To see the most affected countries, the table is sorted in ascending order by the last column, which puts those countries in the last rows.

data.sort_values('TB deaths')
Country Population (1000s) TB deaths
9 Suriname 539 12.0
10 Uruguay 3407 40.0
6 Guyana 800 130.0
7 Paraguay 6802 200.0
3 Chile 17620 220.0
5 Ecuador 15738 320.0
1 Bolivia (Plurinational State of) 10671 430.0
11 Venezuela (Bolivarian Republic of) 30405 480.0
0 Argentina 41446 570.0
4 Colombia 48321 770.0
8 Peru 30376 2300.0
2 Brazil 200362 4400.0

The table raises the possibility that a large number of deaths may be partly due to a large population. To compare the countries on an equal footing, the death rate per 100,000 inhabitants is computed.
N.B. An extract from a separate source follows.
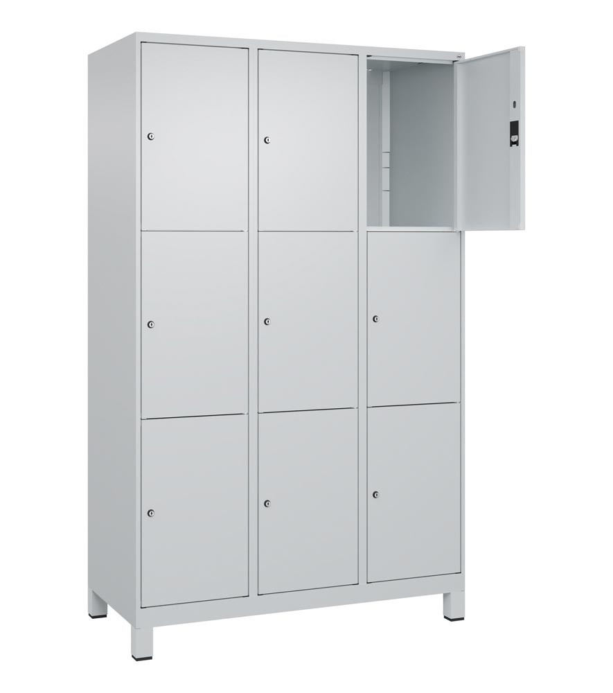 Fächerschrank, BxTxH 1200x500x1950 mm, 3x3 Fächer, Abt.B 400 mm, Füße, Schloss, glatte Türen, RAL 7035
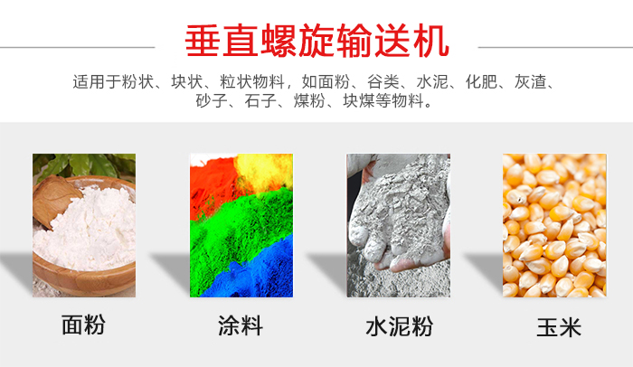 垂直螺旋輸(shū)送機(jī)適用於粉狀、塊狀、粒狀物料(liào),如麵粉、穀類、水泥、化肥、灰渣、砂子、石(shí)子、煤粉(fěn)、塊煤等物料。同(tóng)時還可用於建(jiàn)材、冶金、化工、采掘、機(jī)械製造、煤灰(huī)、糧食、食品、等(děng)行業。

populationColumn = data['Population (1000s)'] data['TB deaths (per 100,000)'] = tbColumn * 100 / populationColumn data.sort_values('TB deaths (per 100,000)')
Country Population (1000s) TB deaths TB deaths (per 100,000)
10 Uruguay 3407 40.0 1.174053
3 Chile 17620 220.0 1.248581
0 Argentina 41446 570.0 1.375284
11 Venezuela (Bolivarian Republic of) 30405 480.0 1.578688
4 Colombia 48321 770.0 1.593510
5 Ecuador 15738 320.0 2.033295
2 Brazil 200362 4400.0 2.196025
9 Suriname 539 12.0 2.226345
7 Paraguay 6802 200.0 2.940312
1 Bolivia (Plurinational State of) 10671 430.0 4.029613
8 Peru 30376 2300.0 7.571767
6 Guyana 800 130.0 16.250000

Conclusions

The South America countries had a total of 9872 deaths due to TB in 2013. The median shows that half of these coutries had fewer than 375 deaths. The mean (over 822) indicates that some countries had a high number. The least affected were Suriname and Uruguay, with 12 and 40 deaths respectively, and the most affected were Peru and Brazil with 2300 and 4400 deaths in a single year. However, taking the population size into account, the least affected were Uruguay and Chile with less than 1.3 deaths per 100 thousand inhabitants, and the most affected were Peru and Guyana with over 7.5 and 16 deaths respectively per 100,000 inhabitants.

One should not forget that most values are estimates, and that the chosen countries are a small sample of all the world's countries. Nevertheless, they convey the message that TB is still a major cause of fatalities, and that there is a huge disparity between countries, with several ones being highly affected.